The Bulletin of Atomic Scientists was a group of atomic scientists who worked on the Manhattan Project, the code name for the development of the atomic bomb during World War II.

Originally, the clock was intended to measure nuclear threats, but in 2007 the Bulletin decided to include climate change in its calculations.

Over the past three-quarters of a century, the time on the clock has changed depending on how close scientists believe the human race is to total destruction. Some years the weather changes and others it doesn’t.
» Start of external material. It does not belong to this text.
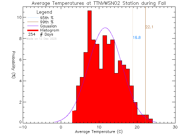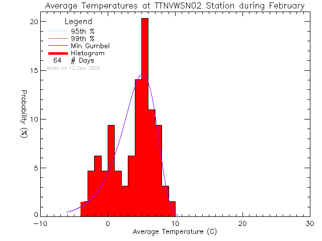 These plots show Probability Density Functions (PDFs) of daily average temperature at stations in the UVic School-Based Weather Station Network. The vertical red bars show a histogram of daily average temperatures. The data is fitted to one of three different probability distribution functions (Maximum or Minimum Gumbel and Gaussian), shown with a blue curve. The Gumbel distributions are appropriate for fitting sets of extreme values .e.g the set of maximum temperatures. We select the fit function with the least error.
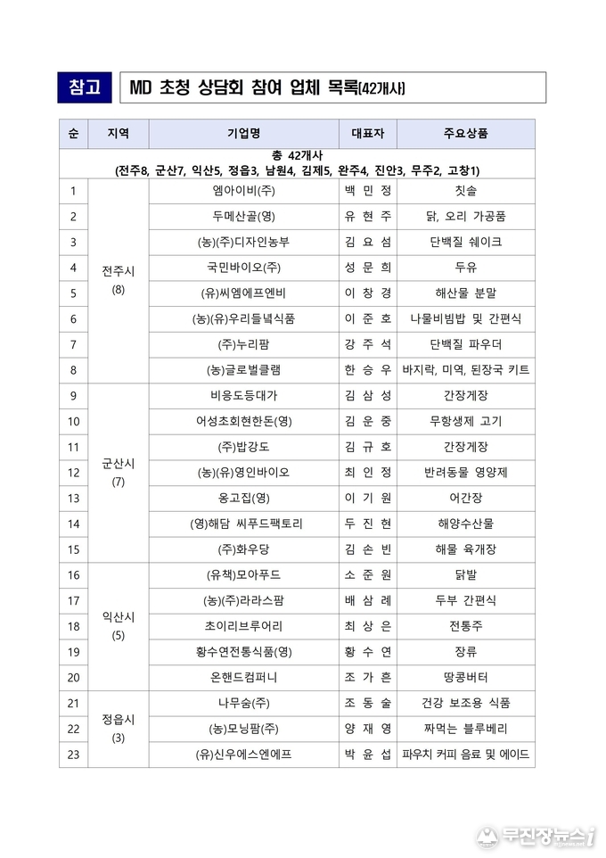 전북특별자치도와 전북특별자치도경제통상진흥원(이하 경진원)은 10월 23일 전북테크비즈센터에서 ‘2025 전북상품 유통채널 상품기획자(이하 MD) 초청상담회‘를 성황리에 개최했다고 밝혔다.

The Doomsday Clock is set each year by experts from the Bulletin’s Science and Security Board in consultation with its Board of Sponsors, which includes 11 Nobel Prize winners.

While the clock was an effective wake-up call to remind people of the cascading crises facing the planet, some questioned the usefulness of the 75-year-old clock.

Lawrence Krauss, a former member of the Bulletin’s Board of Sponsors, said that although time has passed since the clock began ticking, it has been difficult to take the results seriously as the past few decades have come dangerously close to the end of civilization.

What happens if the clock hits midnight?

The clock never struck midnight, and Rachel Bronson, president and CEO of the Bulletin, hopes it never does.

“When the clock strikes midnight, it means that some kind of nuclear exchange or catastrophic climate change has occurred that has wiped out humanity,” he says. “So we don’t want to get there and we won’t know when we will.”